Omitted-variable bias in total-variation form:
``|bias| <= M1 * TV(P_{Z|F=1}, P_Z) + M0 * TV(P_{Z|F=0}, P_Z)``
with M_f the span over Z-bins of E[Y | F=f, Z] (each signed measure integrates
to zero, so the midrange trick gives the span, not the sup; sharp — attained with equality
by an explicit two-point family at every parameter value). form="mi" applies Pinsker
with the KL budget p*KL1 + (1-p)*KL0 = MI(F;Z) split optimally across arms (sharp
small-MI constant):
``|bias| <= sqrt( MI/2 * (M1^2/p + M0^2/(1-p)) )`` (capped at the trivial ``M1+M0``),
the (looser-than-TV) form whose budget the environment's information structure can cap.
Every stratum must contain both arms (positivity); restrict to an overlap population first —
a logger that conditions hard on Z destroys overlap, which is a finding, not a nuisance.
Source code in src/causalrl/identification/bounds.py
causalrl.identification.bounds.mi_flip_threshold(naive, span_treated, span_control, p_treated)
¶
Channel capacity (nats) below which NO hidden confounder can flip the naive sign.
The decision-pivotality threshold (sharp form)
``MI_flip = 2 naive^2 / (M1^2/p + M0^2/(1-p))``:
if the mutual information between the logged binary action and a hidden variable Z is
below this value, the omitted-Z bias is strictly smaller than |naive| (omitted-
variable bias in TV form + Pinsker with the KL budget split optimally across arms), so the
Z-adjusted contrast has the same sign as the naive one.

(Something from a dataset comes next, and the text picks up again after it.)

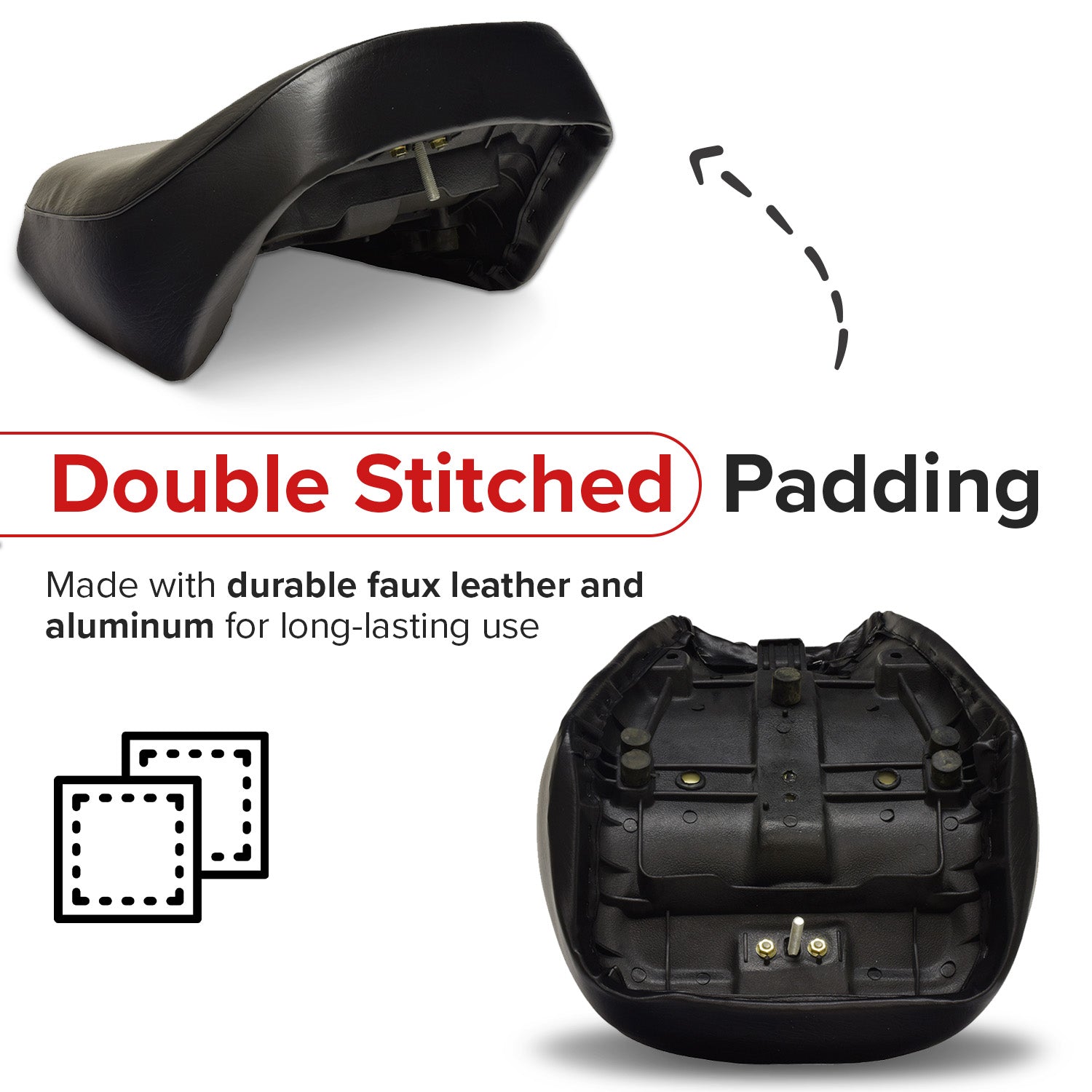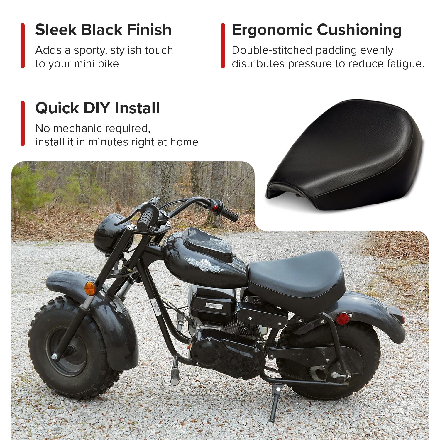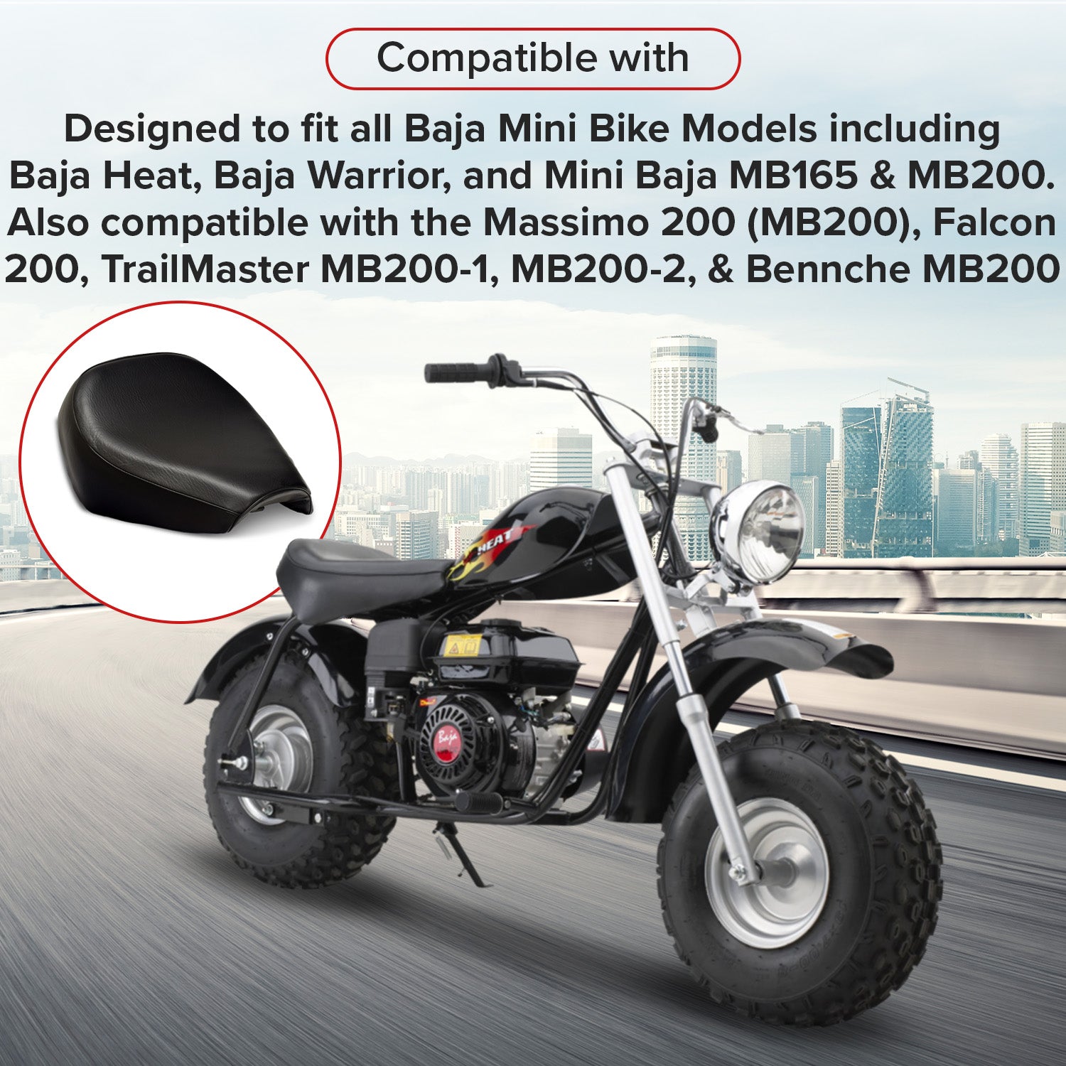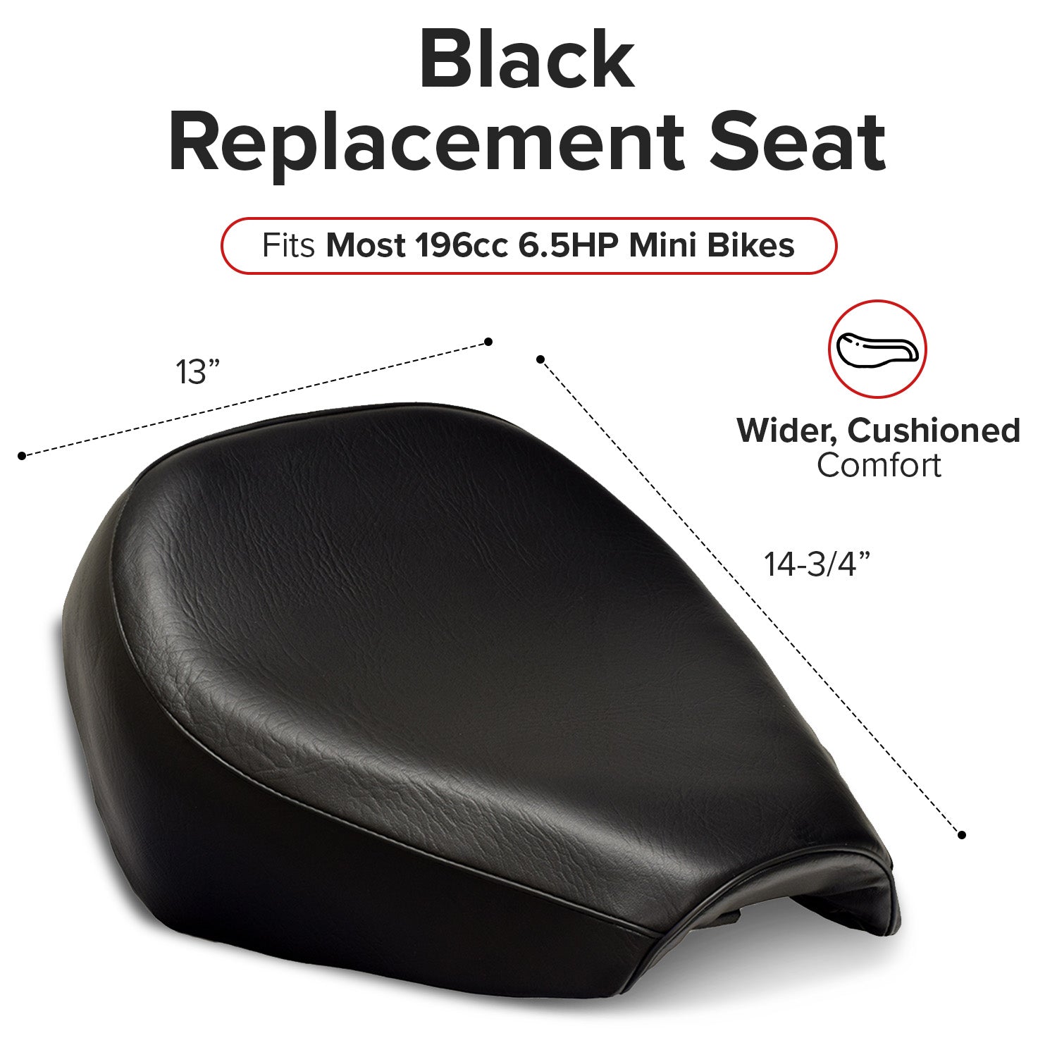 Our replacement seat for the TrailMaster MB200 mini bike is a perfect fit and will look a lot better than that torn & tattered old saddle you are replacing. This wide and comfortable seat is covered in padded black vinyl upholstery.

This constant is SHARP: a
binary-channel family attains the corresponding bias bound with ratio -> 1 in the small-MI
limit (THEORY_pivotality.md, tightness section); the additive form
2(|naive|/(M1/sqrt(p)+M0/sqrt(1-p)))^2 is its (looser) Cauchy-Schwarz relaxation.
Combined with the data-processing inequality MI(F;Z) <= MI(I;Z) — the logging actor's
policy reads only its information set I — the information structure of the
environment caps the reachable confounding budget.
span_treated / span_control are the spans of E[Y | F=f, Z=z] over z (the
regression spans M1 / M0); with Z unmeasured, use the outcome span for both
(valid, looser).
Source code in src/causalrl/identification/bounds.py
causalrl.identification.bounds.tipping_gamma(bound, *, reference=0.0, gamma_max=10.0, tol=0.001)
¶
Sensitivity tipping point: the smallest gamma >= 1 at which the partial-ID interval
bound(gamma) first contains reference.
This is the causal-sensitivity reporting companion to the MSM bound kernels: it answers
"how strong would unmeasured confounding have to be (on the MSM/Rosenbaum odds-ratio scale)
to overturn the conclusion that the estimand lies strictly on one side of reference?".
A larger tipping gamma ⇒ a more robust conclusion — the odds-ratio-scale analog of the
E-value (VanderWeele & Ding, Ann. Intern. Med. 2017) and of Rosenbaum's Gamma.
bound maps a sensitivity level gamma to an :class:Interval; it must collapse to a
point at gamma = 1 and widen monotonically with gamma (as every MSM kernel here does —
e.g. lambda g: msm_contribution_bounds(y, e0, on, off, gamma=g)). Returns 1.0 if the
point already sits on reference, and None if the interval never reaches reference
by gamma_max (the conclusion is robust to confounding at least that strong).